Singapore High Court comments on process for enforcement of foreign arbitral awards | Practical Law

Singapore High Court comments on process for enforcement of foreign arbitral awards | Practical Law

Alvin Yeo, Senior Counsel (Senior Partner) and Andre Maniam (Head of Litigation & Dispute Resolution Department), WongPartnership LLP

Singapore High Court comments on process for enforcement of foreign arbitral awards

Practical Law UK Legal Update Case Report 1-502-6693 (Approx. 3 pages)

Singapore High Court comments on process for enforcement of foreign arbitral awards

by Practical Law
Published on 30 Jun 2010International, Singapore
Alvin Yeo, Senior Counsel (Senior Partner) and Andre Maniam (Head of Litigation & Dispute Resolution Department), WongPartnership LLP
The Singapore High Court court has expressed the view that proceedings to enforce a foreign arbitral award should take the form of a re-hearing. In doing so, Quentin Loh JC (as he then was) expressed his reservations about the approach that was taken in two previous Singapore High Court cases, namely that enforcement was a mechanistic process requiring limited review.

Background

Section 30(1) of the International Arbitration Act (IAA) sets out the documents that must be produced to the High Court by a party seeking to enforce a foreign arbitral award.
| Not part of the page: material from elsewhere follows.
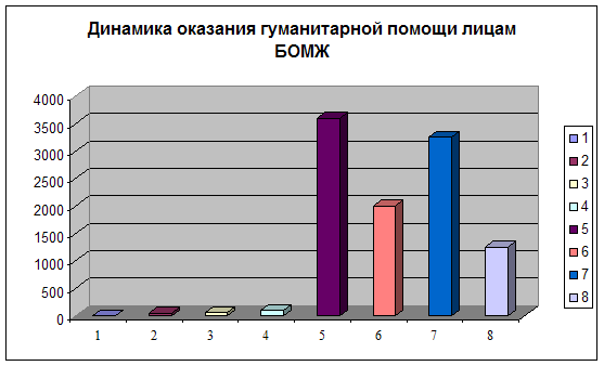 С 1996 года до апреля 2003 года около 7000 человек, проживающих в стенах ДНП ВлЛюблиноВ» получили гуманитарную помощь в виде продуктов питания, одежды и обуви: 2000 г. тАУ 2108 человек получили продукты питания, 641 человек одежду, 810 человек - обувь; в 2001 году тАУ 1038 человек получили продукты питания, 678 человек тАУ вещевую помощь, 312 человек тАУ обувь; в 2002 году тАУ 1495 человек тАУ продукты питания, 1187 человек получили одежду, 524 человек тАУ обувь; за 1 квартал 2003 года тАУ 750 человек получили продукты питания, вещевую помощь получили 216 человек, обувь 273 человека (диаграмма № 4) [№ 10]

The manner of complying with section 30 is prescribed by Order 69A rule 6 of the Singapore Rules of Court. Section 31 of the IAA sets out the grounds on which the court, on the application of a party, may refuse to enforce a foreign arbitral award. Those grounds include section 31(4)(b) of the IAA, where the enforcement of an award would be contrary to the public policy of Singapore.
In Aloe Vera of America, Inc v Asianic Food (S) Pte Ltd and another [2006] 3 SLR (R) 174 (Aloe Vera) and Denmark Skibstekniske Konsulenter A's I Likvidation (formerly known as Knud Hansen A/S) v Ultrapolis 300 Investments Ltd (formerly known as Ultrapolis 3000 Theme Park Investments) [2010] SGHC 108 (Denmark v Ultrapolis), the Singapore High Court held that the enforcement of a foreign arbitral award under section 30 of the IAA and Order 69A rule 6 of the Singapore Rules of Court was a mechanistic process that does not require a judicial investigation by the court enforcing the award.

Facts

The applicants sought to enforce a foreign award made in their favour by a three-member Danish arbitral tribunal against the respondent, Soh Kim Wat (Soh). Soh made an application to stay the enforcement proceedings pending resolution of an earlier suit filed by him, challenging the final arbitral award. Alternatively, he sought to have the two actions consolidated.
The applicants argued that Soh was taking every possible procedural step and availing himself of every technicality to delay matters. Soh argued that, pursuant to section 31(4)(b) of the IAA, enforcement of the award would be contrary to the public policy of Singapore.

Decision

The High Court dismissed Soh's application to stay the proceedings and held that the matters raised by him in his suit challenging the final arbitral award should have been raised before the Danish arbitral tribunal.
The court found that the applicants had satisfied the formal requirements set out in section 30 of the IAA and Order 69A rule 6 of the Rules of Court. However, the court expressed reservations that the rule laid down in Aloe Vera, and recently endorsed in Denmark v Ultrapolis, that the only examination that a court must make of documents provided pursuant to Order 69A rule 6 of the Rules of Court is a formalistic and not a substantive one, was not consistent with other cases, particularly the recent English Court of Appeal decision in Dallah Estate and Tourism Holding Company v The Ministry of Religious Affairs, Government of Pakistan [2009] EWCA Civ 755 (Dallah). In Dallah, the Court of Appeal ruled that proceedings under section 103(2) of the English Arbitration Act 1996, the equivalent of section 31(2) of the IAA, should take the form of a full re-hearing of the relevant issues and not merely a review of the tribunal's decision (see Legal update, Court of Appeal upholds Dallah decision). (Note that the Court of Appeal's decision in Dallah has been appealed to the UK Supreme Court and judgment is now awaited.)
The court noted that it was worth remembering that, just as parties who have chosen arbitration must live with their arbitrator "good, bad or indifferent", the courts in Singapore may be called upon to enforce "bad" awards from another jurisdiction.

Comment

As the court was not required to make a ruling on its reservations about Aloe Vera and Denmark v Ultrapolis in the present case, the rule laid down in those cases currently stands as Singapore law. However, it will be interesting to see which approach is adopted by the Court of Appeal should it be asked to decide on this issue in the future.